_Data for this exercise_:
Start of Block

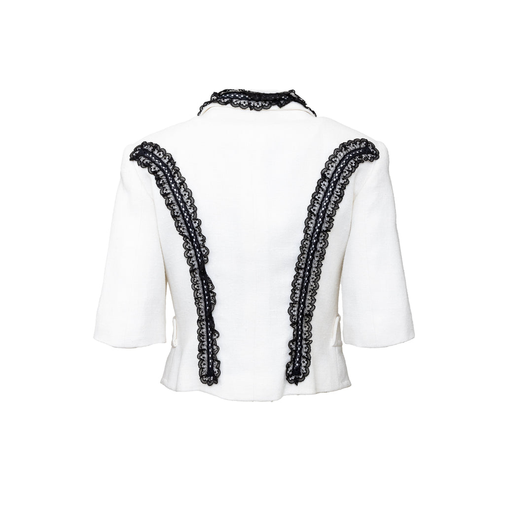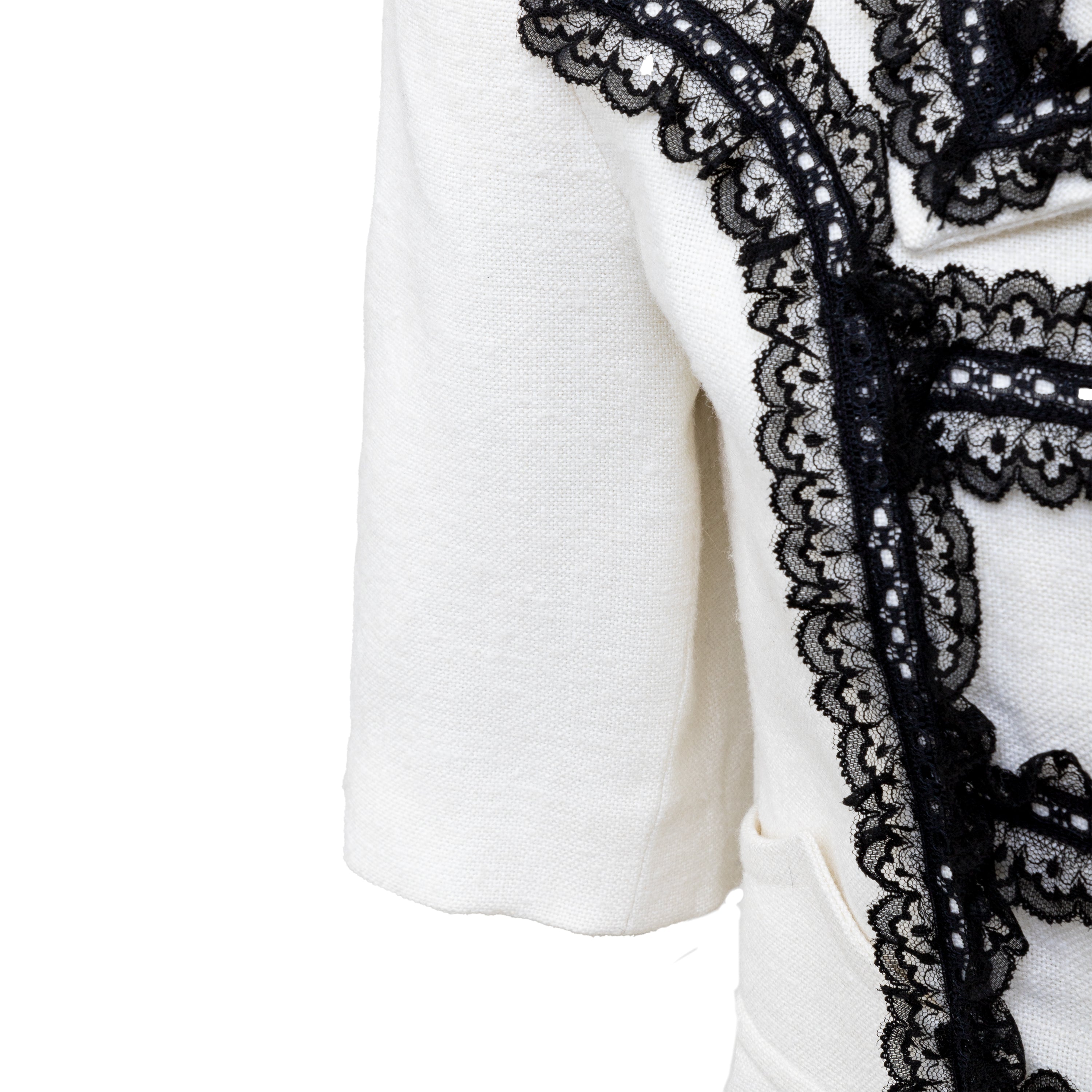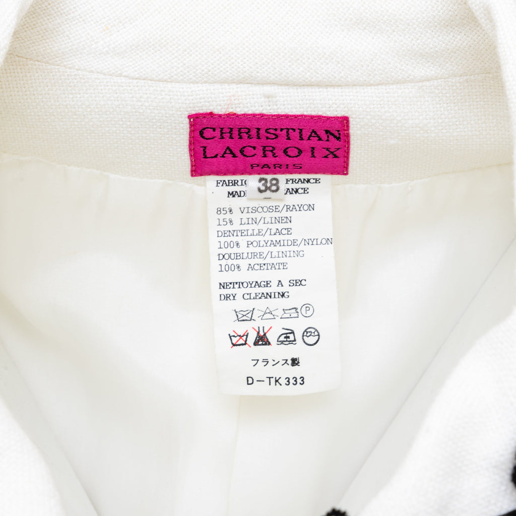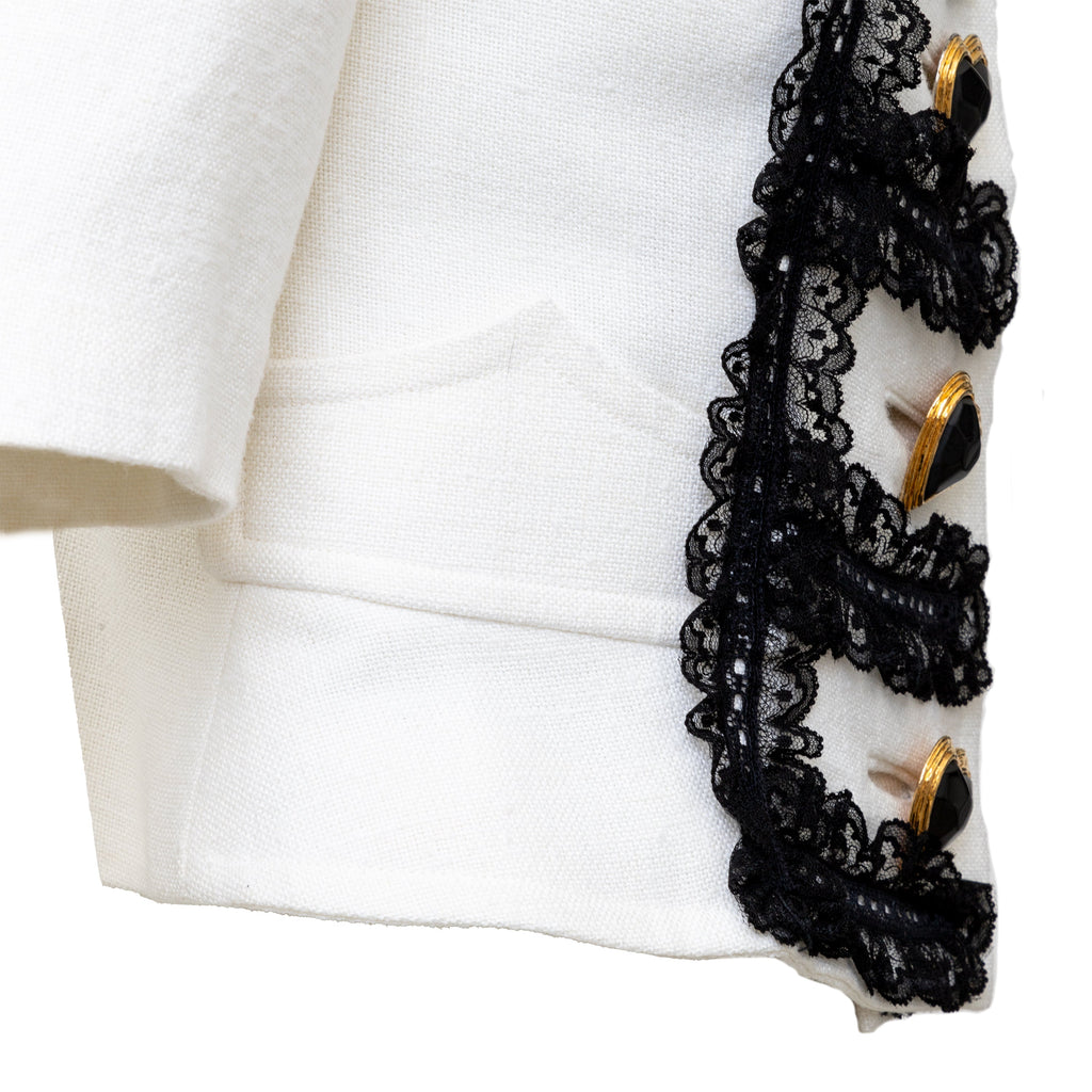 Christian Lacroix 90s vintage jacket in white linen-viscose, cropped, lace-trimmed sleeves, jewel buttons.
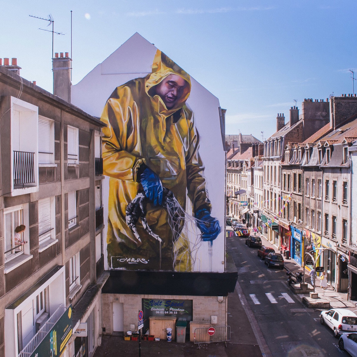 The artwork is of graffiti type. You can admire it in the city of Boulogne sur Mer in France and more precisely here : 122 rue Faidherbe.
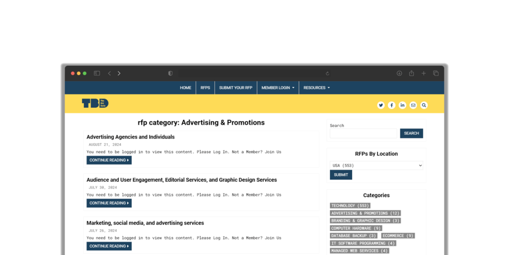 The Bid Daily provides a free tool for governments, public organizations, local municipalities, city and state agencies, non-profit organizations, and private companies to effortlessly publish their technology requests for proposals (RFPs), RFQs, RFIs, and other procurement documents. This enables them to attract more competitive bids from qualified small and large vendor organizations.
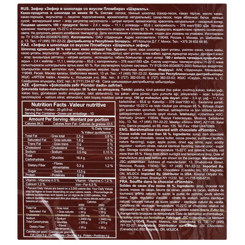 | Состав | темный шоколад (сахар, какао тертое, масло какао, какао порошок, эмульгатор - лецитин подсолнечника, ароматизатор натуральный), сахар, патока, пюре яблочное, белок яичный сухой, желирующий агент - фурцеллярин (агар из фурцеллярии), регулятор кислотности - цитрат натрия, ароматизатор, краситель натуральный - сахарный коллер iii |
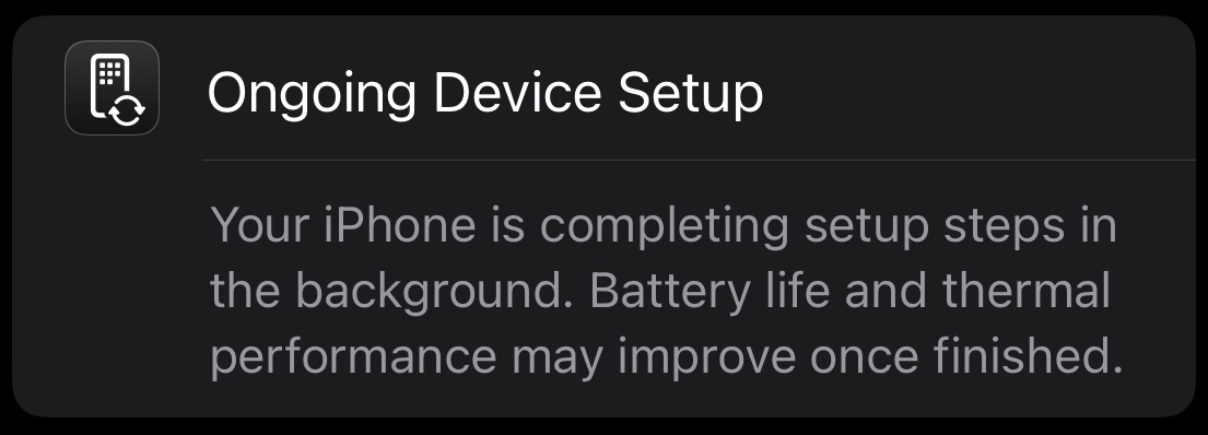 Your iPhone is completing setup steps in the background. Battery life and thermal performance may improve once finished.

End of Block

_Your objective_:
Skip the pictures; extract only the lines from the line with "коллер iii |" through the final line of the material, exactly as they appear.

_Written solution_:
 | Состав | темный шоколад (сахар, какао тертое, масло какао, какао порошок, эмульгатор - лецитин подсолнечника, ароматизатор натуральный), сахар, патока, пюре яблочное, белок яичный сухой, желирующий агент - фурцеллярин (агар из фурцеллярии), регулятор кислотности - цитрат натрия, ароматизатор, краситель натуральный - сахарный коллер iii |
 Your iPhone is completing setup steps in the background. Battery life and thermal performance may improve once finished.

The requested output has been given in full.